兰瑟认为,话语权威指“由作品、作家、叙述者、人物或文本行为申明的或被授予的知识名誉、意识形态地位及美学价值”(Lanser,1992:5)。
虽然在西方的文学传统中,话语权威大都附属于主导意识形态中受过教育的白人男性,但任何一位发表小说的作家,包括女性作家在内,都有着对话语权威的追求,这是一种想“获得听众,赢得尊重和赞同,建立影响的企求”(Lanser,1992:6)。
本文以兰瑟的理论为基础,分析美国著名犹太女作家蒂莉·奥尔森代表作《我站在这儿熨烫》中的叙述声音模式,尤其是通过个人叙述声音和集体型叙述声音相结合的独特手法,使边缘女性的沉默心声得到展现,达到颠覆,让边缘女性这一群体从沉默中解脱出来,在主流文化圈中树立起“话语权威”,让她们能如露丝·伊里盖蕾所说,有了声音便有了路可走。

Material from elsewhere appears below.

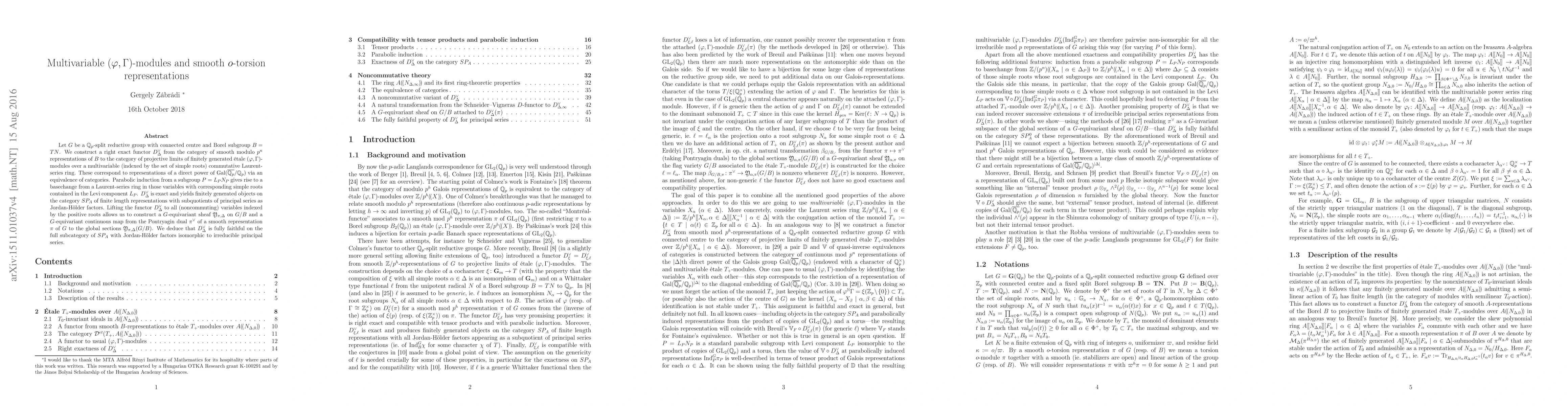Let $G$ be a $\mathbb{Q}_p$-split reductive group with connected centre and Borel subgroup $B=TN$. We construct a right exact functor $D^\vee_\Delta$ from the category of smooth modulo $p^n$ representations of $B$ to the category of projective limits of finitely generated \'etale $(\varphi,\Gamma)$-modules over a multivariable (indexed by the set of simple roots) commutative Laurent-series ring. These correspond to representations of a direct power of $\mathrm{Gal}(\overline{\mathbb{Q}_p}/\mathbb{Q}_p)$ via an equivalence of categories. Parabolic induction from a subgroup $P=L_PN_P$ corresponds to a basechange from a Laurent-series ring in those variables with corresponding simple roots contained in the Levi component $L_P$. $D^\vee_\Delta$ is exact and yields finitely generated objects on the category $SP_A$ of finite length representations with subquotients of principal series as Jordan-H\"older factors. Lifting the functor $D^\vee_\Delta$ to all (noncommuting) variables indexed by the positive roots allows us to construct a $G$-equivariant sheaf $\mathfrak{Y}_{\pi,\Delta}$ on $G/B$ and a $G$-equivariant continuous map from the Pontryagin dual $\pi^\vee$ of a smooth representation $\pi$ of $G$ to the global sections $\mathfrak{Y}_{\pi,\Delta}(G/B)$. We deduce that $D^\vee_\Delta$ is fully faithful on the full subcategory of $SP_A$ with Jordan-H\"older factors isomorphic to irreducible principal series.

《我站在这儿熨烫》是奥尔森沉寂文坛多年后复出的第一篇小说。
在美国文学史上,很少有人像她一样,仅靠寥寥几部作品就奠定了自己的一席之地,也很少有人像她一样,刚崭露头角,却又很快销声匿迹,直到二十年后才又重新动笔。
工作赚钱、养育子女、操持家务,这些繁重琐碎又无法逃避的任务耗费了她整整二十年的光阴。

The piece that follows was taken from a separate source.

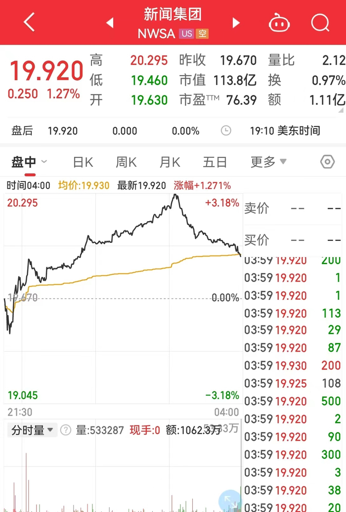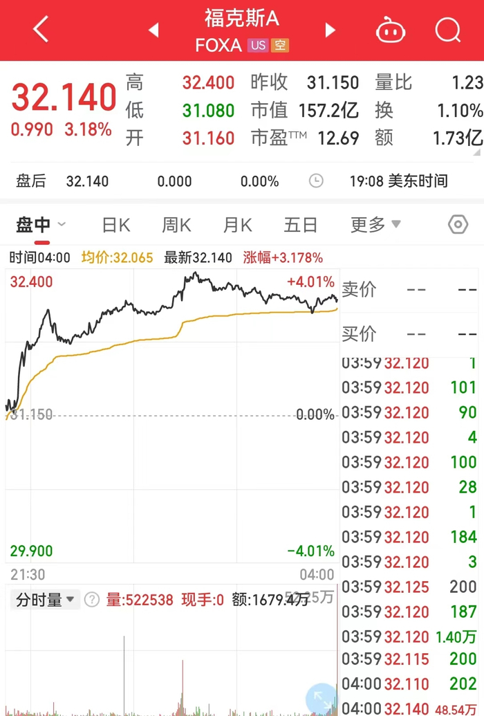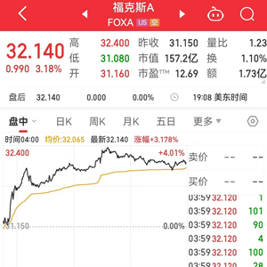 消息传出后,福克斯A股价收报32.14美元,涨3.18%,市值157.2亿美元;新闻集团股价收报19.92美元,涨1.27%,市值113.8亿美元。

正如她自己所说,“二十年里……我连写作创作的基本环境条件都不具备”(Olsen,2003:19)。
加拿大小说家和评论家玛格丽特安特伍曾惋惜地说,她停止了写作,仅仅因为一天只有24个小时。
不过,正是这段生活经历,让奥尔森深刻体会到社会边缘人物的窘迫和无奈,对她的创作产生了极大的影响。
付出之后,奥尔森的小说中大都以常被忽略掉的边缘人物,尤其是被婚姻和生活压迫的普通母亲为主人公,这些女性形象对读者产生了很大的震撼力和影响力。
兰瑟用个人叙述声音来表示那些有意讲述自己的故事的叙述者,其中讲故事的“我”也是故事的主角。
而作为这个自身故事叙述者的“我”,统筹着其他人物的声音,因此具有结构上的优越性。
虽然在某些情况下,与作者型声音相比,个人型叙述声音使其女性权威大打折扣,“因为作者型的叙述者拥有发挥知识和判断的宽广余地,而个人型叙述者只能申明解释自己经历的权利及其有效性”(Lanser,1992:21)。
但是,兰瑟也提到,在特定的历史时期,个人型叙述声音往往会为特定的女性群体所用,以达到特定的目的,其叙述声音的权威又往往名正言顺。
正如海伦娜西索所呼吁的“写自己,你的身体必须被听见……妇女必须参与创作,必须写自己,必须写妇女。
妇女必须把自己写进文本——就像通过自己的奋斗嵌入世界和历史一样”(转引自西慧玲,2003:132)。
《我站在这儿熨烫》中,奥尔森正是采用了这样一种大胆直接剖析女性心声的叙述方式。
文中那位不知名的母亲,在熨烫衣服时接到了女儿的老师的电话,要她找时间到学校去谈谈她女儿的情况。
于是,这位心力交瘁的母亲开始回忆起女儿19年来的成长历程。
通过这位普通劳动母亲意识流形式的个人叙述,故事的情节得以展开,让读者开始窥测到这位看似平凡的家庭妇女一生所经历的复杂变迁。
奥尔森选择的这位讲述自己故事的叙述者,与传统标准背道而驰。
批评学者们认为,只有那些“异常敏感或情感丰富的角色”(Schultz,1997:4),才能成为意识流写法的载体。
可奥尔森笔下这位母亲,只是我们日常生活中再普通不过的劳动妇女,不是什么个性鲜明的主要人物,她没有敏感的情绪,不具备任何艺术美感,人们更是很少关注她会有怎样的内心世界。
可就在她断断续续,甚至有些前言不搭后语的看似不经意的叙述当中,我们了解到了一位普通母亲所经历的过去:女儿8个月大时,被丈夫无情抛弃,那时正值经济大萧条时期,年轻的母亲带着幼女彷徨无依;为了生计,不得不将女儿寄养在别人家中,她所承受的骨肉分离之痛;再次结婚,生活有所好转,她为给女儿重建一个完整家庭所付出的努力;以及随着女儿长大,心中的担心、内疚和感慨的复杂情绪。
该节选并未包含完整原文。